Benson's take on atheism has a distinctly feminist bent. She'll be in Vancouver at the University of British Columbia Friday, Jan. 28, 7:00 p.m., to give a lecture based on her 2009 book Does God Hate Women? Along with co-author Jeremy Stangroom, she explores how the major monotheist religions -- Christianity, Judaism, Islam and Hinduism -- subjugate women. The lecture is sponsored by the Centre for Inquiry, a non-profit group that promotes rational thinking about religion, quackery and pseudo-science. They run the atheist bus ad campaign with the poster, "There's probably no god. Now stop worrying and enjoy your life."
Why would God favour men?
Benson's explanation for why the deity is inclined to diss us is deceptively simple: "Because 2,000 to 3,000 years ago these religions were created by men. They conceived of god as a man. They arranged it to suit what men thought was best for themselves at the time."
And with that came all the cultural and social baggage of the era, including misogyny. Eventually it became institutionalized, as the men running these religions began to argue that the holy scriptures written by their ancestors were the literal word of God. In the contemporary world, men now get away with everything from denying women education to murdering them by claiming it's the will of a higher power.

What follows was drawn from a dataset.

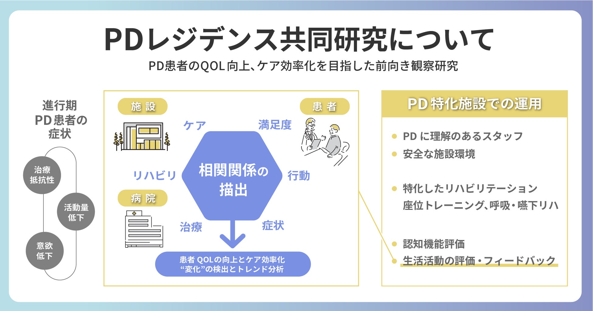 この研究は、施設入所患者およびコミュニティ在住患者の療養生活における生活の質(QOL)向上および日常生活動作(ADL)の維持に重要な因子を明らかにすることを目的としています。フィロソフィアが運営するPD特化型住宅型有料老人ホーム「PDレジデンス」と協力し、患者のQOL向上を図るだけでなく、高齢化社会における介護リソースの効率化と集約という観点から、進行期のPD患者に対する最適なケアプランのモデルケースを地域社会に提供することを目指します。

Her book, which details some of the horrific things done to women in the name of faith -- acid in the face for immodest dress, murder for the crime of being raped -- makes a good case for why women ought to be the leading voices on atheism. Although she notes that within the world of university women's studies programs, there is a split between those who agree with Benson's views and those who embrace the abuse of women out of some misguided notions of cultural sensitivity.
When researching, she was surprised to discover a sizeable number of so-called cultural theorists were defending the practice of female genital mutilation.
Against fundamentalism
Benson, an American who lives in Seattle, said that she has watched the growth of dangerous fundamentalist religions with alarm, which is what inspired her blog. She points out that no sector of the globe is immune. In the U.S., Christians are making direct attacks on women by resurrecting anti-abortion laws, or failing that, shooting doctors. Much of the Middle East is under the thumbs of clerics. The famously liberal and secular Europeans can't be too complacent, as waves of immigrants bring repressive faiths with them. And for smug Canadian interviewers, she notes that even in Canada, where we cherish the notion that our Charter of Rights lifts us above the fray, Muslims (backed by Jewish and Christian groups) attempted to give Sharia law power in Ontario in 2005.

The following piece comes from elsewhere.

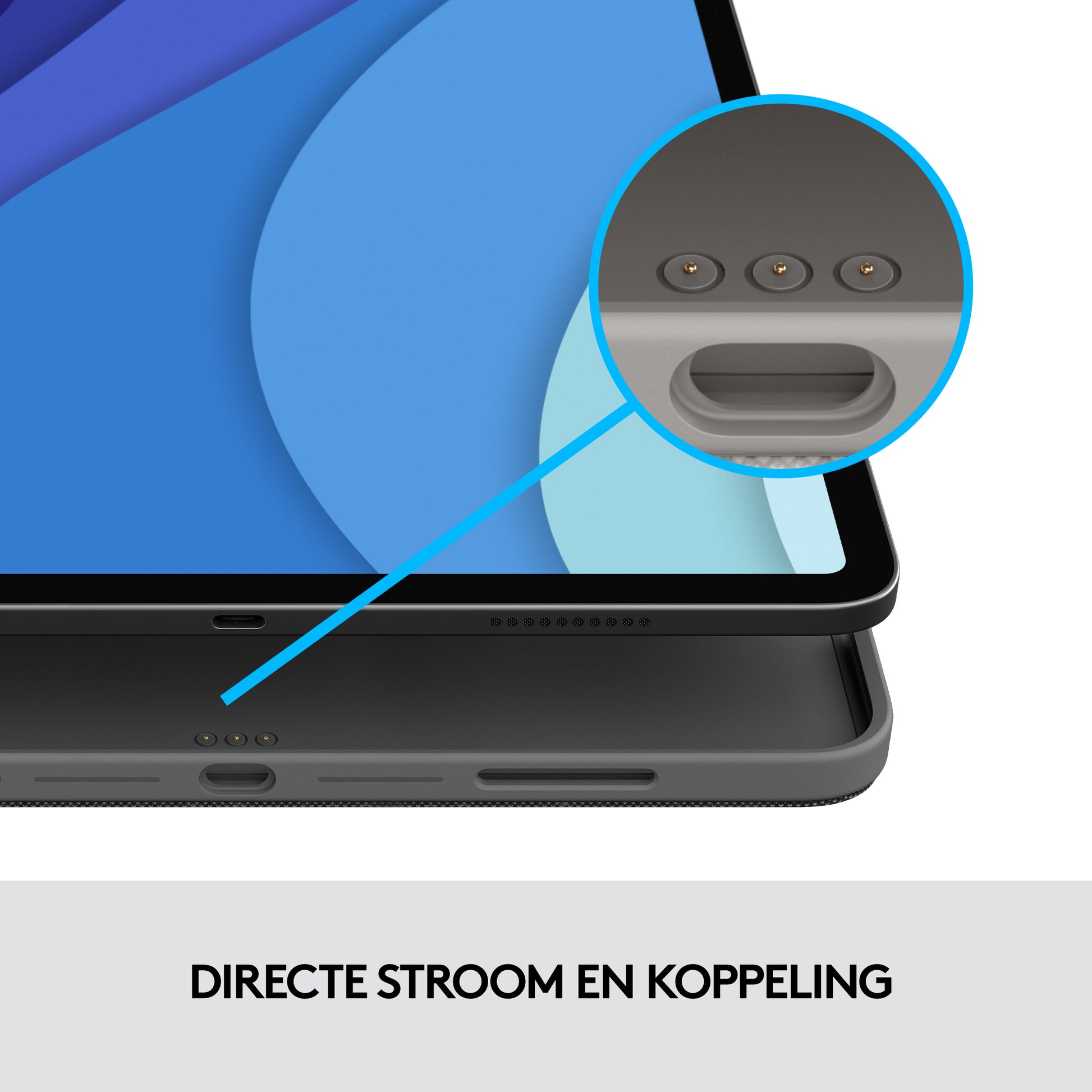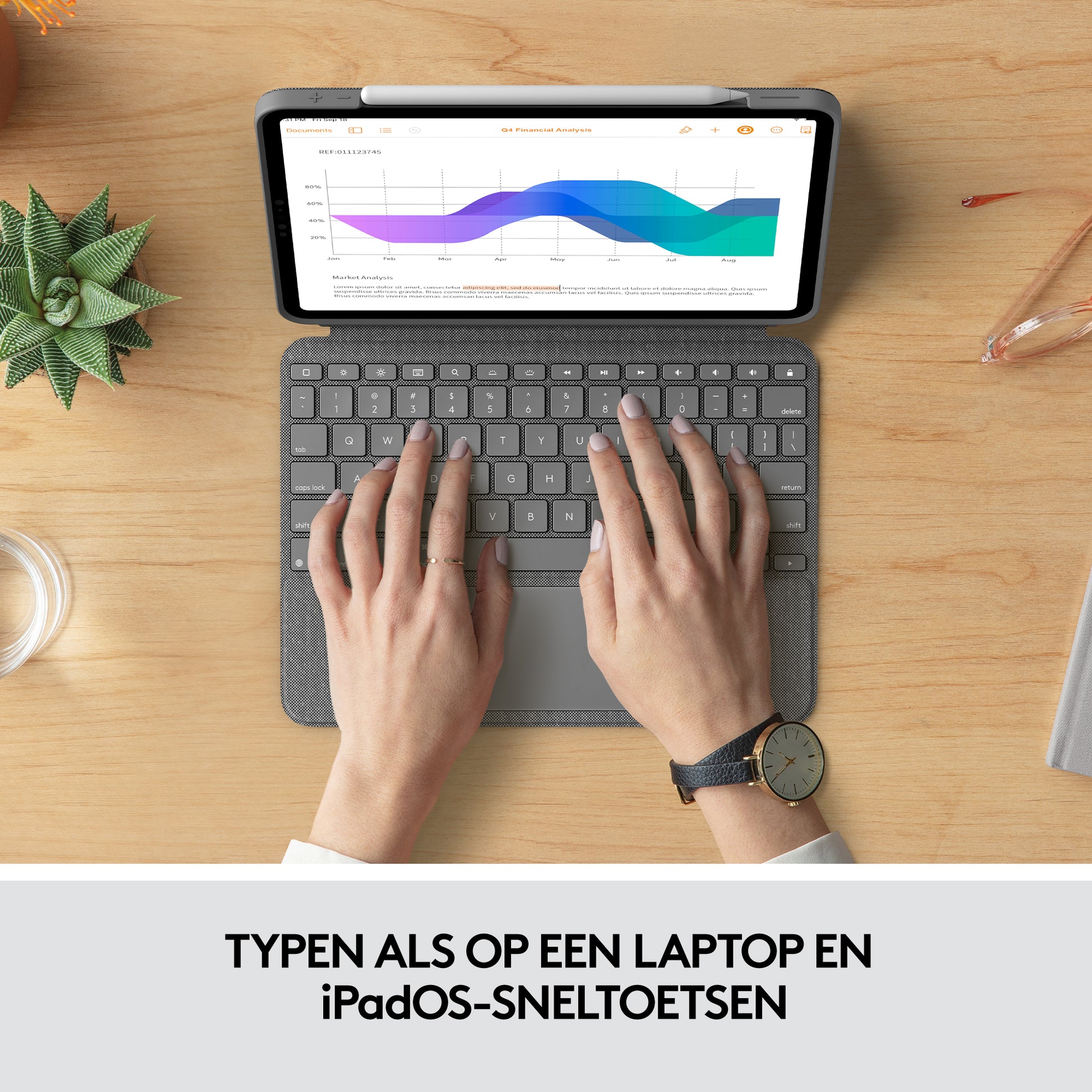 Logitech Combo Touch for iPad Pro 11-inch (1st, 2nd, and 3rd generation). Toetsenbordindeling: AZERTY, Taal toetsenbord: Frans, Aanwijsapparaat: Trackpad. Merkcompatibiliteit: Apple, Compatibiliteit: iPad Pro 11 (4th gen) (A2759, A2435, A2761, A2762) , iPad Pro 11-inch (3rd gen) (A2377, A2459,..., Kleur van het product: Grijs. Connectiviteitstechnologie: Docking, Aansluiting: Smart Connector. Stroombron: Dock. Ondersteunde mobiele besturingssystemen: iPadOS

"When I was growing up [in New Jersey], it wasn't done to talk about religion -- it was considered excessive. You maybe went to church on Sunday," Benson recalls. "Now people will come up and ask which church you attend."
As noisy rhetoric from the god squad escalated and religious debates began replacing political discourse, she noticed a growing number of attacks on women in the name of religion. She points to the Bishop of Phoenix stripping St. Joseph's Hospital in Phoenix Arizona of its Catholic designation in December, preventing the hospital saying mass in its chapel because doctors performed an abortion to save a mother's life.
"The Bishop is saying he wants this woman dead," Benson says. "Both she and the foetus would have died if the doctors did nothing. He wanted them to do nothing."
But logic is rarely welcome in the chapels of religion, so Benson suffers a fair number of attacks online for her views. She's described by her critics as "shrill, strident, unreasonable, unnuanced and unfair," but in conversation she is quite the opposite. She has an even, measured tone and a ready sense of humour, although she is firm and unrelenting in her views.
Benson had a running debate in The Guardian newspaper, where she often writes, with columnist Madeleine Bunting who objected to Benson's blunt prose.
Benson also suffers attacks for her views on Islam, especially as the religion has grown more aggressive at pushing its edicts internationally. Since 1990, Iran and other Islamic countries have been pushing the Cairo Declaration of Human Rights in Islam as an alternative to the UN's Universal Declaration of Human Rights, which they argue fails to defer to their religion and culture.
Benson notes wryly, that when it comes to human rights abuses, deferring to the Islamic faith is often the problem.
"But if you criticize the system of ideas in Islam, people will call you an Islam-o-phobe -- and it is deliberately deceptive," Benson says, explaining that religion defenders often make accusations of racism. "You don't want to encourage xenophobia, but that doesn't mean you back off from pointing out the illiberal aspects of Islam."
Community without religion
In a variation of that old hate-the-sin-not-the-sinner line, Benson comments that while there are "plenty of wonderful people who follow Islam, Islam is not wonderful." She adds that frequently the faithful have no choice in their religion. In countries like Iran, Pakistan and Afghanistan, they are subject to the whims of a dictatorship of clerics.
Benson agrees with her opponents that religion's strong suit is that it creates a sense of community, but she argues there's no reason that a community has to be built around religion. "A lot of good people do good things in the name of religion, but they could be doing good things through other institutions."
In Vancouver, she's hoping for an audience that includes those who don't share her views, because she likes to hear what the other side thinks discussed in public -- although the faithful rarely attend her lectures. They just take pot-shots at her online.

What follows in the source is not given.